On the eve of its world premiere at the Karlovy Vary Film Festival, director Ivan Zacharias (“Wasteland”) and actor David Nykl (“Stargate”) joined Variety film critic Peter Debruge to discuss the series at the Variety Critics Corner, presented by HBO Europe.

Zacharias recalled the turbulent events of a year that swept away the decades-long reign of one-party rule in Czechoslovakia. “That was a big year. It was a huge change, when the communist system finally broke down,” he said.

It’s an era that’s rarely been documented on screen, noted Debruge, with “The Sleepers” offering a portrait of Czech society at a time when political intrigue meant nothing was entirely what it seemed.

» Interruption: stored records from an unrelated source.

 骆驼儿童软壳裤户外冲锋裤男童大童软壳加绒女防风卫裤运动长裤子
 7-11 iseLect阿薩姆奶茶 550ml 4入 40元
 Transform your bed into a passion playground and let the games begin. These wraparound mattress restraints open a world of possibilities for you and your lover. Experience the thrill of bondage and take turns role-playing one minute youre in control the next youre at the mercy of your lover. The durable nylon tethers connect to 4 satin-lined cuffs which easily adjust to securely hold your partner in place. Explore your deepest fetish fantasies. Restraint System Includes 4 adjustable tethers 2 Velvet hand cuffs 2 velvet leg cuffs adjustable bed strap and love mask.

Bringing that period to life took meticulous research from Zacharias and debut TV scriptwriter Ondrej Gabriel. The faithfulness to detail extended to the script, which the director insisted be written in his native language. “This has to be in Czech, because it’s a Czech story,” he said.

The show’s creators were also faced with more cosmetic challenges — perhaps none more difficult than finding suitably grimy corners of the spruced-up capital to shoot in. “Back in 1989, it was an older, decrepit-looking Prague,” said Nykl. “It’s beautiful now.”

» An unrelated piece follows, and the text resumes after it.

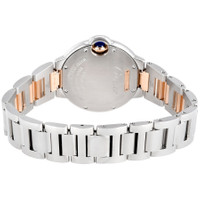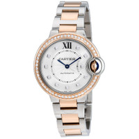 Silver-tone stainless steel case with a silver-tone stainless steel with 18kt rose gold bracelet. Fixed 18kt rose gold set with diamonds bezel. Silver dial with blued-steel sword-shaped hands and diamond hour markers. Roman numeral appears at the 12 o'clock positions. minute markers around an inner ring. Dial Type: Analog. Cartier Calibre 076 Automatic movement, based upon ETA 2670, containing 25 Jewels, bitting at 28800 vph, and has a power reserve of approximately 38 hours. Scratch resistant sapphire crystal. Pull / push crown. Solid case back. Round case shape, case size: 33 mm, case thickness: 9.96 mm. Band width: 19.05 mm, band length: 7.5 inches. Deployment clasp. Water resistant at 30 meters / 100 feet. Functions: hour, minute. Ballon Bleu De Cartier Series. Luxury watch style. Watch label: Swiss Made. Cartier Ballon Bleu Silver Diamond Dial Steel and Rose Gold Ladies Watch WE902077. INFORMATION Brand: Cartier Series: Ballon Bleu De Cartier Collection Name: Ballon Bleu de Cartier Gender: Womens Model: WE902077 Watch Label: Swiss Made Movement: Automatic Engine: Cartier Calibre 076 Power Reserve: 38 hours CASE Case Size: 33 mm Case Thickness: 9.96 mm Case Material: Stainless Steel Case Shape: Round Case Back: Solid BAND Band Material: Stainless Steel with 18kt Rose Gold Band Type: Bracelet Band Color: Silver-tone Band Length: 7.5 inches Band Width: 19.05 mm Clasp: Deployment DIAL Dial Color: Silver Type: Analog Crystal: Scratch Resistant Sapphire Hands: Blued-steel Sword-shaped Dial Markers: Diamond Second Markers: Roman Numeral appears at the 12 o'clock positions. Minute Markers around an inner ring Bezel: Fixed Bezel Material: 18kt Rose Gold set with Diamonds Crown: Pull / Push FEATURES Water Resistance: 30 meters / 100 feet Functions: Hour, Minute Watch Features: Diamond, Stainless Steel, Gold, Analog ADDITIONAL INFO Watch Style: Luxury Warranty: 2 Year Jomashop Warranty UPC Code: 7613268425923 Jomashop Sku: CRTWE902077 Department: Watches Category: Watches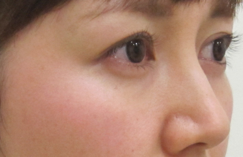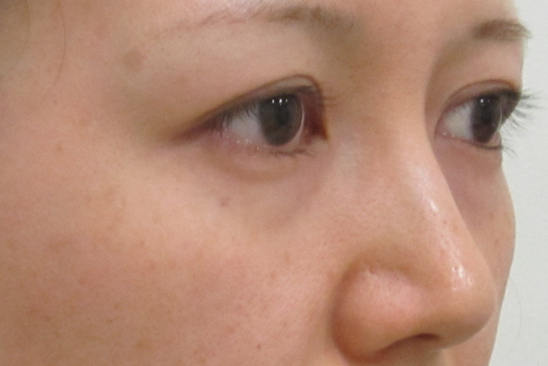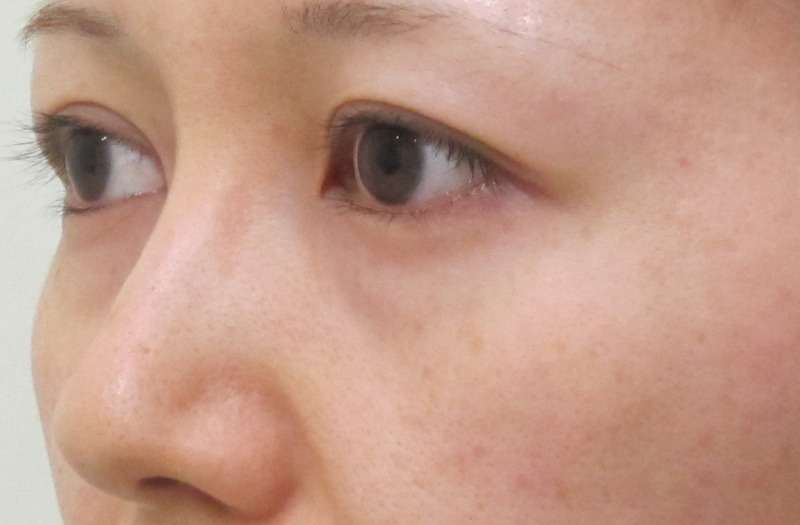 6カ月後・・・目の下にはごくわずかにシミ(茶クマ)が残っていますが、目の下の凹凸感はなくなっています。

Nykl was born in the former Czechoslovakia but left when his family fled the country after the Soviet invasion of 1968. Playing an English diplomat in the series, he described “The Sleepers” as “a series about identity, and who are you, and the potential for being more than what you appear to be.”

It’s a theme that resonates with an actor best known for sci-fi and superhero roles. “This is new. This is exciting,” he said. “I think it’s also new for the Czech Republic to have an espionage drama. It’s a great genre.”

“The Sleepers” is the latest Czech series from HBO Europe, following Agnieszka Holland’s political drama “Burning Bush” and Zacharias’ “Wasteland,” which HBO rolled out across its U.S. streaming services in 2017.

With the cabler bringing a growing number of its international programs to the U.S., Zacharias said he was mindful of how the series would be received by both Czech and foreign viewers.

“It is tricky because you have to deal with knowledge that local audiences know the situation much more than the foreign audience,” he said. “You have to be clever about it, not to be too descriptive for the Czechs, but descriptive enough for the foreign audience.”

The director acknowledged the historical parallels to the present-day Czech Republic, which in recent weeks has seen its largest protests since the Velvet Revolution, with thousands taking to the streets to call for the resignation of Prime Minister Andrej Babis.

But while “The Sleepers” is steeped in the daily life of Czech society in the dying days of the Cold War, Nykl said the political backdrop shouldn’t make it a hard sell to foreign audiences. “I really do think that there is a universal spy thriller genre that people will recognize, and this is a really original Czech take on it.”